治療には、寄生虫の種類に応じた駆虫薬を投与することが必要です。

▼パルボウイルス感染症


嘔吐、下痢が主な症状で、子犬では発病してから1~2日で死亡する感染症です。
この病気にかかったら、ただちに徹底した治療が必要です。
ワクチンで予防することができますので、生後2~3ヶ月になったらワクチンを接種するようにしてください。

▼犬フィラリア症


そうめん状の細い虫が心臓の中に寄生する病気です。
蚊に刺されることで感染します。寄生数が多いと心臓の機能に障害を与え、せき、腹水、失神などの症状を示し、心不全で死亡することもあります。
動物病院で、毎年5月~11月の間お薬を飲むことで予防できます。

犬の法律

人間生活の中に法律があるように、犬の生活の中にも法律があります。
飼い主が知っておかなければならない・知っておきたい法律をご紹介します。

狂犬病予防


①生後91日以上の犬を飼い始めたら、30日以内に犬の登録をすること。
②生後91日以上の犬には、毎年1回、狂犬病の予防注射を受けさせ、注射済票の交付を受けること。
③鑑札と注射済票は、必ず犬に着けておくこと。
④犬が死亡したときや犬の所在地、所有者の住所などで登録した内容に変更があったときには、届けを出すこと。

▼動物の愛護及び管理に関する法律


①動物を『命あるもの』と認識し、動物をみだりに殺したり、傷つけたり、苦しめたりすることのないようにすること。
②飼い主は動物の習性を考慮して、その動物の一生にわたり適正に飼養すること。
③飼い主は動物が人に迷惑を及ぼさないよう努めること。
④繁殖を希望しない飼い主は、動物に不妊手術などを行うように努めること。
⑤飼い主は動物が自分の所有であることが分かるよう、所有明示ををしておくこと。また、逃げ出さないよう対策をとっておくこと。
⑥愛護動物※を殺傷した者は2年以下懲役又は200万円以下の罰金に処せられます。

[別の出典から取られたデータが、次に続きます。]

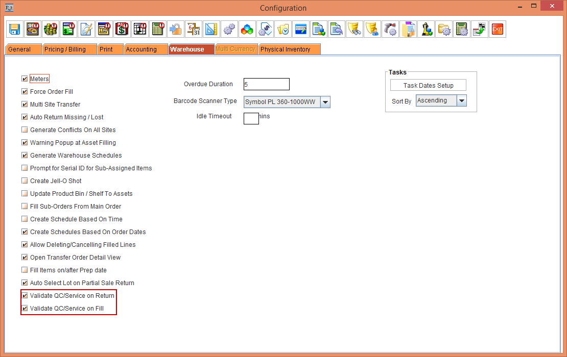 Select the Warehouse tab > select the check-boxes Validate QC/Service on Return and Validate QC/Service on Fill. This is as shown in Figure 2.1. Save and exit Configuration module.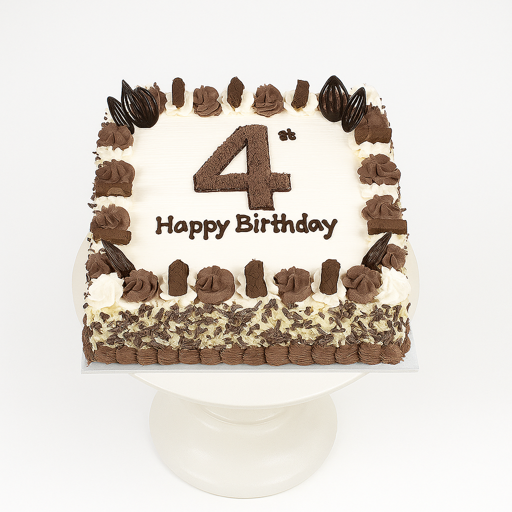 Celebrate birthdays with a delicious twist! Our Choco Almond Celebration Number Cake is the perfect treat for chocolate and nut lovers alike. Featuring a rich eggless chocolate sponge, creamy chocolate frosting, and a customisable birthday number (shown here as "4th"), this cake is topped with elegant dark chocolate decorations and a generous layer of crunchy almond flakes and chocolate curls.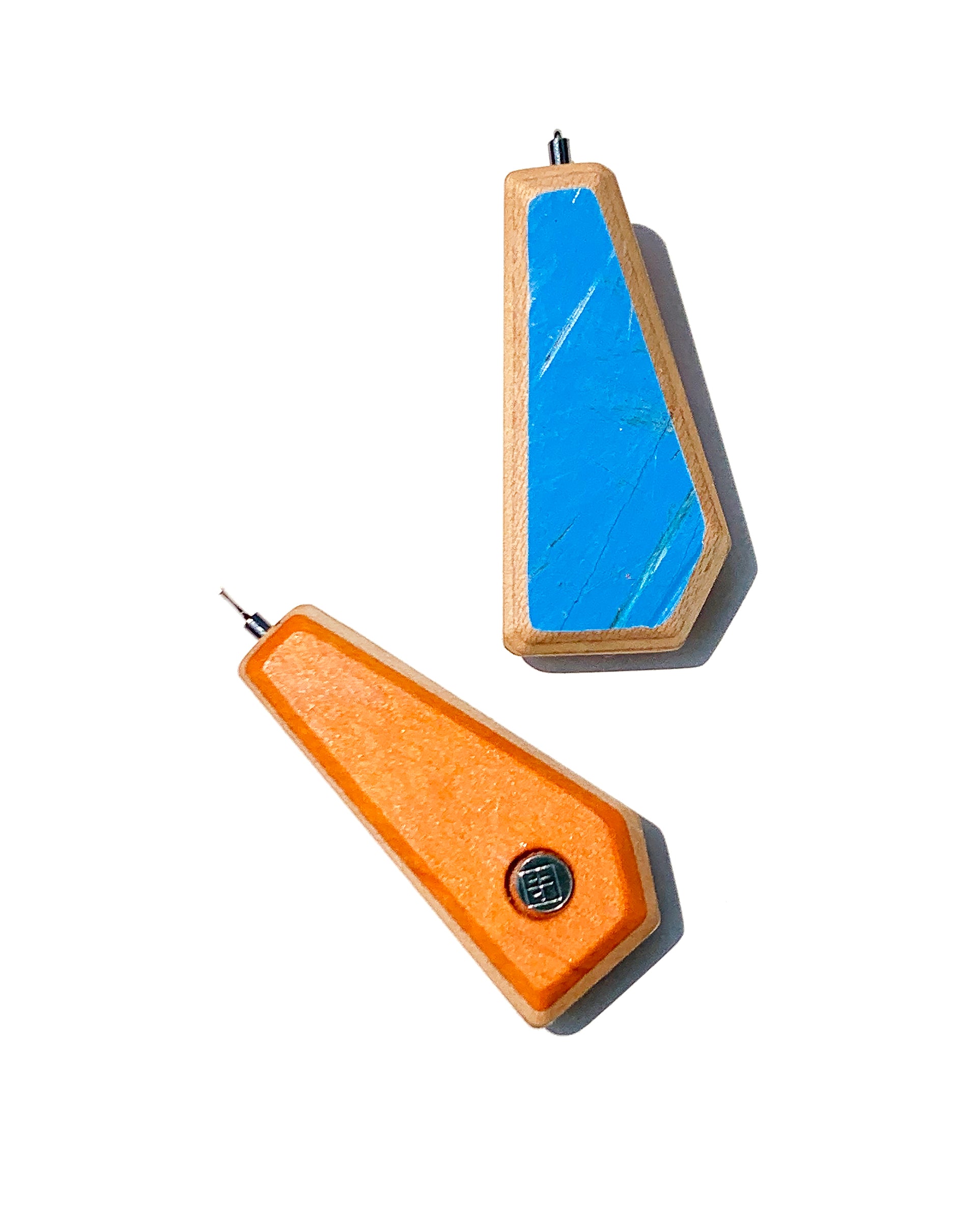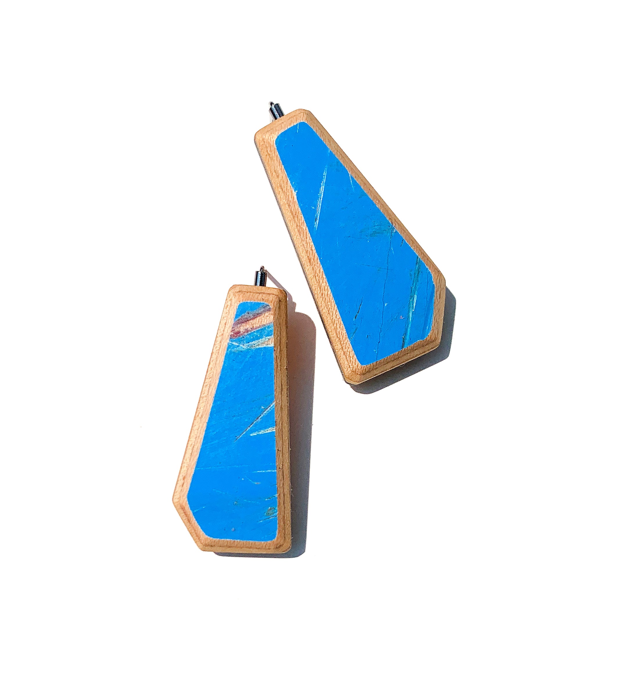 The wood comes from recycled skateboard decks, each piece lovingly hand-sanded and finished with linseed oil to keep that rich maple warmth intact. Topped with sterling silver and stainless steel posts.

また、愛護動物を遺棄・虐待したものは100万円以下の罰金に処せられます。
※牛、馬、豚、めん羊、山羊、犬、猫、いえうさぎ、鶏、いえばと、あひる。
また、これら以外で人が飼っている哺乳類、鳥類、爬虫類

被災が起きたら

地震などの被災が起きた時、人と同じように動物も被災します。
避難所には多くの方々が家族の一員である動物と一緒に避難してくるでしょう。
しかし、避難所では動物が嫌いな方や動物の毛等によるアレルギーの方などと共同生活をすることになります。避難所で犬が人の迷惑にならないよう日ごろから次のような準備をしておくことが必要です。

▼適切な管理


災害時に迷子にさせないよう犬に、鑑札・注射済票を着けることはもちろんですが、迷子札やマイクロチップを装着しておくのもいいでしょう。
また、緊急時に犬を預かってくれる場所を確保しておくとよいでしょう

▼しつけ


避難所でのトラブル防止のため、日ごろから最低限の基本的なしつけをしておくことが必要です。
ケージなどに嫌がらずに入ることが出来るようにしておくことも大切です。

▼非常時用備品


えさ、水、容器、引き綱、ふん等の汚物処理用具、携帯用のペットケージ、予防接種記録などが記載された健康手帳などすぐ持ち出せるものを準備しておきましょう。

姿を見ないで自分の飼い犬の特徴を正確に言える人は意外と少ないものです。
いざというときのために記録しておきましょう。

ノミ・ダニの駆除

▼フロントラインとホームセンターで売られているものの違い


・フロントライン
…首筋一カ所に投与すると、成分は犬や猫の皮膚表面の脂分を伝わり全身に広がります。
その後、毛根の横にある皮脂腺に蓄えられ、そこから皮脂とともに徐々に放出されて再び体表や 被毛上に広がるため、その効果が長く続き、効果があります。

・ホームセンター
…効果が感じられず、ただの気休めのものが多いです。

狂犬病について

感染した犬にかまれることで人に感染する狂犬病。
現代でも治療法はなく、人も動物も発症すると100%死亡してしまいます。
日本では昭和32年以降、犬の発生はありませんが、世界では現在でも大半の国・地域で発生しており、年間5万人以上の人が死亡しています。

万が一、最悪の事態に備え、狂犬病の予防は必須です。
大切な愛犬を、そして自分、周囲の人々を守るため、狂犬病予防を受けるべきなのです。